‘Molecular characterization’ errors lead to retraction from medicinal chemistry journal

The European Journal of Medicinal Chemistry has published a curious retraction notice for a paper in its February 2012 issue from a group of Indian scientists.

The abstract of the article,”Proton-pumping-ATPase-targeted antifungal activity of cinnamaldehyde based sulfonyl tetrazoles,” is still available on Medline:

Here’s what the abstract of the paper said about the study:

Azoles are generally fungistatic, and resistance to fluconazole is emerging in several fungal pathogens. We designed a series of cinnamaldehyde based sulfonyl tetrazole derivatives. To further explore the antifungal activity, in vitro studies were conducted against 60 clinical isolates and 6 standard laboratory strains of Candida. The rapid irreversible action of these compounds on fungal cells suggested a membrane-located target for their action. Results obtained indicate plasma membrane H(+)-ATPase as site of action of the synthesized compounds. Inhibition of H(+)-ATPase leads to intracellular acidification and cell death. Presence of chloro and nitro groups on the sulfonyl pendant has been demonstrated to be a key structural element of antifungal potency. SEM micrographs of treated Candida cells showed severe cell breakage and alterations in morphology.

But the analysis seems to have suffered a fatal flaw or two, although the precise nature of those glitches isn’t clear from the retraction statement:

This article has been retracted at the request of the Authors.
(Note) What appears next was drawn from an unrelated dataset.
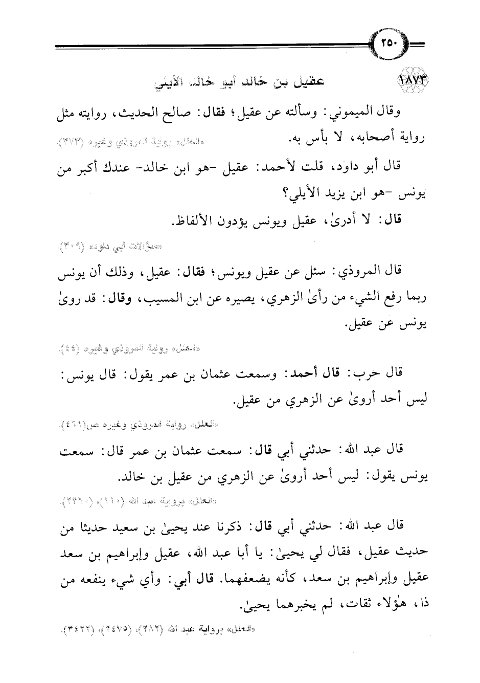قال عبد اللَّه: حدثني أبي قال: سمعت عثمان بن عمر قال: سمعت يونس يقول: ليس أحد أروى عن الزهري من عقيل بن خالد.

The authors have retracted this article because of errors relating to molecule characterization reported in the text. The authors express their sincere apologies for this oversight.
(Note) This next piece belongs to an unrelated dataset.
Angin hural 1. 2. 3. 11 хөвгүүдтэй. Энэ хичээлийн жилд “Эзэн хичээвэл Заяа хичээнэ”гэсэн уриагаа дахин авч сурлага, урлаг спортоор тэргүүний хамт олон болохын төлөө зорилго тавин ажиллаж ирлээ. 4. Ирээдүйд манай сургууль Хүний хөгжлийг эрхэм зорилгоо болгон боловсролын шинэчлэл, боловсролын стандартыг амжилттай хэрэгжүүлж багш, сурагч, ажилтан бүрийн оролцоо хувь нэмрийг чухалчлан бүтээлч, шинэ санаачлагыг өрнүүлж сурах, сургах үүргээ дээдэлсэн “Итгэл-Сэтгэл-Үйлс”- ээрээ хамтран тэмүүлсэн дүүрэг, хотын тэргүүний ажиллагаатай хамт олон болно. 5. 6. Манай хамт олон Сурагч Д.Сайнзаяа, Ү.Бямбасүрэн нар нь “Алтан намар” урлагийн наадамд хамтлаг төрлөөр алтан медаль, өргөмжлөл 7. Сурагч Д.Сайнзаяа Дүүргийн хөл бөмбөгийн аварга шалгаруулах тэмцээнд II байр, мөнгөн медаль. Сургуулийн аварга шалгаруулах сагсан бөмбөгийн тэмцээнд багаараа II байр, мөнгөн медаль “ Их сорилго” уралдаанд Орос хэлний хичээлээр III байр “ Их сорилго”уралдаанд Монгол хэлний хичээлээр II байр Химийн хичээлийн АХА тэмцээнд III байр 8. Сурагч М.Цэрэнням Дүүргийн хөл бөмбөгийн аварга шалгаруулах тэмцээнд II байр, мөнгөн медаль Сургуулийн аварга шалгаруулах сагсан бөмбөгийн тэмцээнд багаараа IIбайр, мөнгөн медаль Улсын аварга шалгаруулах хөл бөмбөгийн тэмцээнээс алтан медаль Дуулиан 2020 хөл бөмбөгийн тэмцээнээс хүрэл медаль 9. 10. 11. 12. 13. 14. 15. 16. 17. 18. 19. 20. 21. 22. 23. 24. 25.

We’re guessing that faulty “molecular characterization” rises above, say, that involved in slipping on black ice or adding a tablespoon of salt in a recipe that calls instead for sugar. But is it fair to assume that what the authors are trying to say is that their “series of cinnamaldehyde based sulfonyl tetrazole derivatives” was not, in fact, those substances? If so, that would seem like a pretty monumental mischaracterization, yes?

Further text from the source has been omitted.